2.理不尽に抗え!――姉妹の絆と脱出の糸口(前)
タイトルだけみると、熱い展開が待ってるようにみえるけど……
地下牢の空気はひんやりと冷たく、壁の燭台のろうそくが揺らめく灯だけが周囲を頼りなく照らしていた。
優華は首をひねって自分の背中をみながら、指先で縄の結び目の様子を探っていた。ギチギチと縄の擦れる音が、静かな牢獄に小さく響く。
「お姉ちゃん、聞いてよ!この縛り方、改めて調べると本当にすごいよ!」
優華の声は弾んでいた。十一歳の少女が縛られて監禁されてるのに喜んでいるという、どう考えてもおかしな状況だ。
真理子は深いため息をついた。十四歳の姉は、能天気な妹と違って状況の深刻さを痛感している。彼女もまた後ろ手に縛られたまま、冷たい石の床に座り込んでいた。セミロングの黒髪が顔にかかり、切れ長の目は疲れ切っている。

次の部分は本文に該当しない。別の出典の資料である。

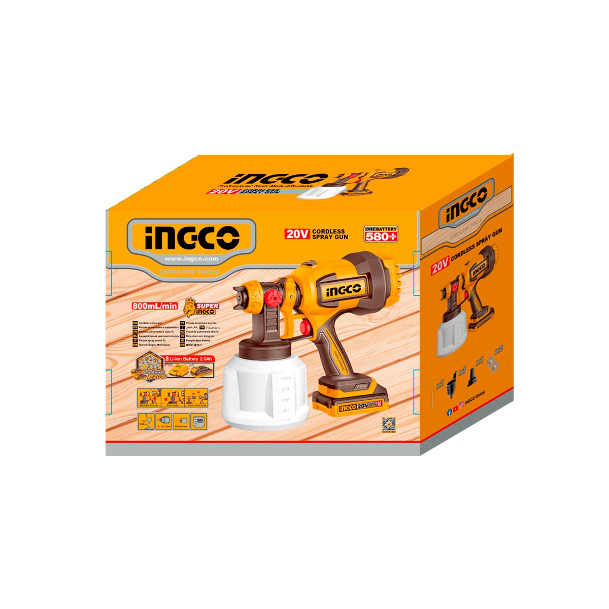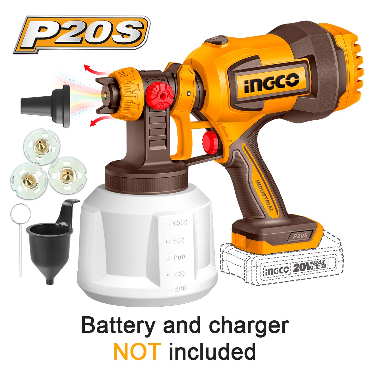 Τάση 20V, μέγιστη πίεση 0.1–0.2 bar, μέγιστη ροή χρώματος 325 ml/min, μέγιστη ροή νερού 800 ml/min, χωρητικότητα δοχείου 1000 ml, ρυθμιζόμενο πλάτος ψεκασμού, λειτουργία φυσητήρα, δυνατότητα διαχωρισμού μπεκ και κινητήρα για εύκολο καθαρισμό, έκδοση SOLO χωρίς μπαταρία και φορτιστή

「あんたね、何度でも言うけど自分の置かれてる状況わかってるの?」
「もちろん!本物の後ろ手縛りだよ!この縛り方は縄の通し方が絶妙で、もがけばもがくほど締まる仕組みになってるんだ!」
優華はキラキラした目で解説を始めた。
「まずね、背中に回された手首を一本の縄で縛ってるんだけど、その結び目が普通の結び方じゃないんだよ。ここをね、親指でこうやって探ると……ほら、二重に巻いてから固結びにしてあるでしょ?素人が適当に縛ったんじゃなくて、ちゃんと捕虜を逃がさないための技術が使われてるんだよ!」
真理子は呆れた顔で妹を見つめた。
「あんた、なんでそんなに詳しいのよ」
「ネットで勉強したからに決まってるじゃん!『縛りの美学』ってサイトにね、後ろ手縛りの構造が詳しく書いてあって、それで――」
「ちょっと待って、小学生が何みてるのよ!」
真理子のツッコミが牢獄に響いた。
その隣で、セーニャが困惑した表情で二人を見つめていた。淡い栗色の長い髪がほつれて顔にかかり、薄緑色の大きな瞳は泣き腫らしてまだ赤い。彼女は優華と真理子のやり取りに、どう反応していいのかわからない様子だった。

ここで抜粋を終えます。